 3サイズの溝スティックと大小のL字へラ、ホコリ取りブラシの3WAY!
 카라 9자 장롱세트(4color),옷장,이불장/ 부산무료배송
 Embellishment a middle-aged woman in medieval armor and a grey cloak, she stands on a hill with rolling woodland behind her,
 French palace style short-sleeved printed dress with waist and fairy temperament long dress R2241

* * *

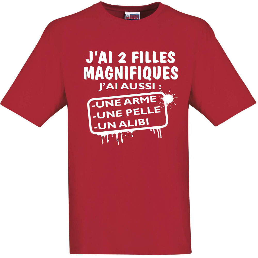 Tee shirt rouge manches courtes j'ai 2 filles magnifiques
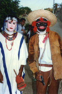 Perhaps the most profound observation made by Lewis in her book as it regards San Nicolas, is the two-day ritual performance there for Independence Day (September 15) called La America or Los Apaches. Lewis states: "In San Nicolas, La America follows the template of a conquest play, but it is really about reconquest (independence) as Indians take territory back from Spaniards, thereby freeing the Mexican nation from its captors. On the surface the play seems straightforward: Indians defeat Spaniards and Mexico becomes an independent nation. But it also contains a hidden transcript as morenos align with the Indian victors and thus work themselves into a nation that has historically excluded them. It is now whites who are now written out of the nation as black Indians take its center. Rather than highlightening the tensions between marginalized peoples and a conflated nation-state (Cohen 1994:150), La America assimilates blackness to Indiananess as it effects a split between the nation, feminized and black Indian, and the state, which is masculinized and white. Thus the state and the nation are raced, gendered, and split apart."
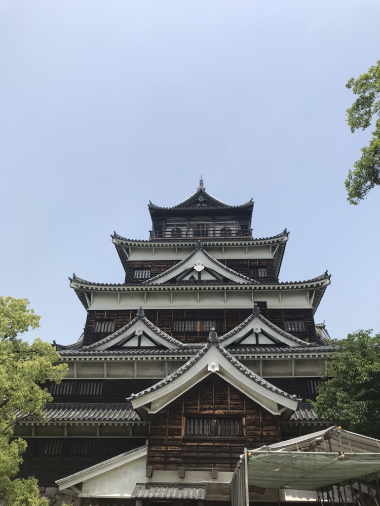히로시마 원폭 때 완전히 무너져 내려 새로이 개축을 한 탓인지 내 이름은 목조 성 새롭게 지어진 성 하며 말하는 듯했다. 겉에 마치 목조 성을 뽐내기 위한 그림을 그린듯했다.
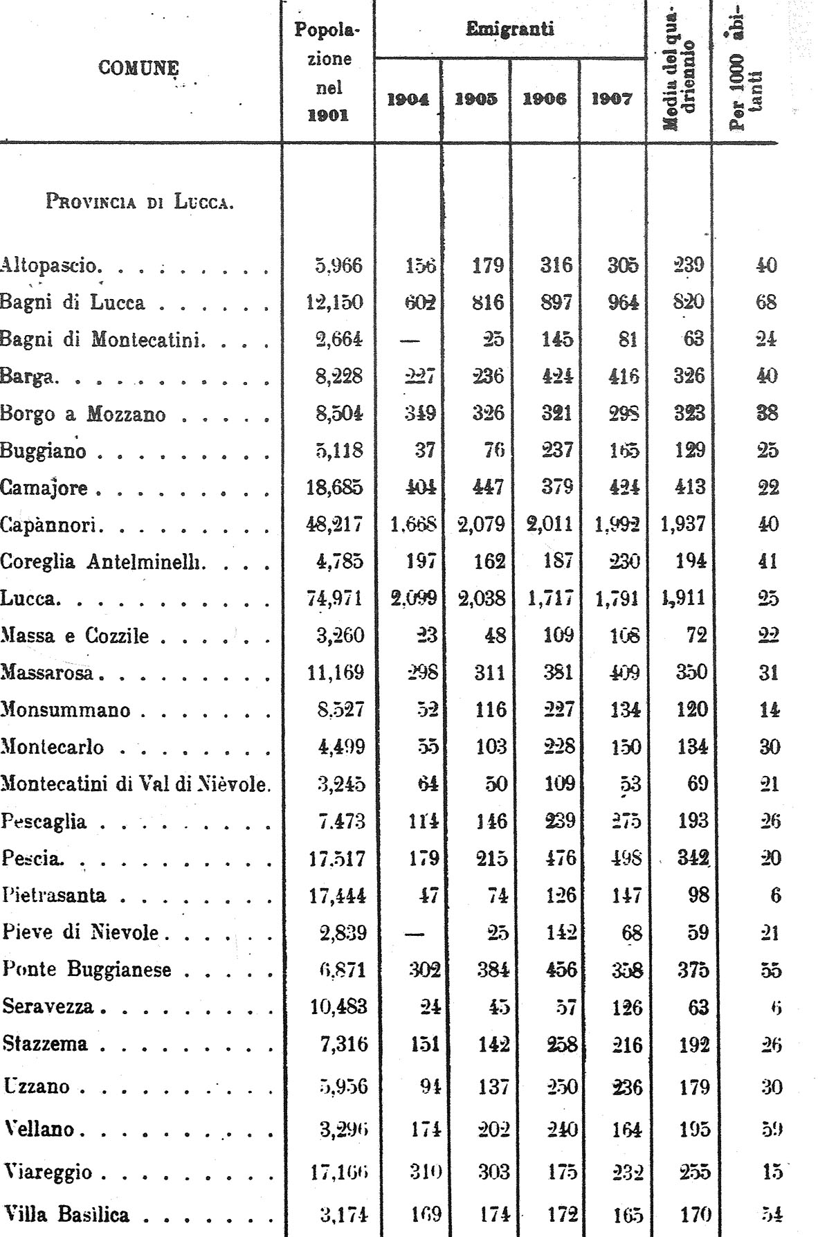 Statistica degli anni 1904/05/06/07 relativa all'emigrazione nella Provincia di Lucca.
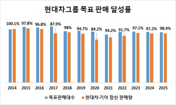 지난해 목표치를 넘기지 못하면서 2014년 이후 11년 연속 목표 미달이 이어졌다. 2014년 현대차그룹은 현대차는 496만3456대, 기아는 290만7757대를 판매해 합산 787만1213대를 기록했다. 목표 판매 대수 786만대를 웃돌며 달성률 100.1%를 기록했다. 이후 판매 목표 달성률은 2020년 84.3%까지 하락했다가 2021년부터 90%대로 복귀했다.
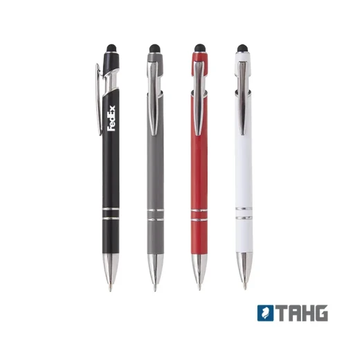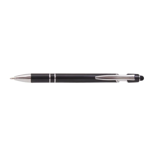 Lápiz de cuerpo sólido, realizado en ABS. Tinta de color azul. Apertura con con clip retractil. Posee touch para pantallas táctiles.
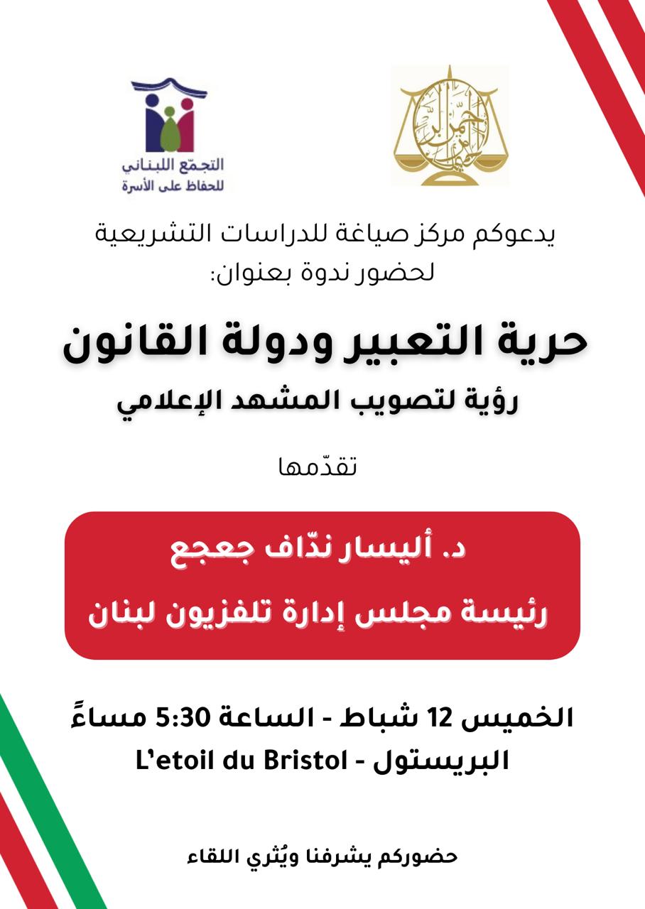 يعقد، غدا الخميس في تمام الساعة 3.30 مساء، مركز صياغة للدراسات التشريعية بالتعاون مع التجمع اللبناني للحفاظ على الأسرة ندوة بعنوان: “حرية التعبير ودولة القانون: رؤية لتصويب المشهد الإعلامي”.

==

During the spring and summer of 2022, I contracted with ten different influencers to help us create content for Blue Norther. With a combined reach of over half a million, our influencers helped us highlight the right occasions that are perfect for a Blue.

Exercise details
Only one part of the material above is to be transcribed, namely the lines starting with the line that has "3サイズの溝スティックと大小のL字へラ、ホコリ取りブラシの3WAY!" and going on through the line that has "French palace style", exactly as they stand.

Solution
 3サイズの溝スティックと大小のL字へラ、ホコリ取りブラシの3WAY!
 카라 9자 장롱세트(4color),옷장,이불장/ 부산무료배송
 Embellishment a middle-aged woman in medieval armor and a grey cloak, she stands on a hill with rolling woodland behind her,
 French palace style short-sleeved printed dress with waist and fairy temperament long dress R2241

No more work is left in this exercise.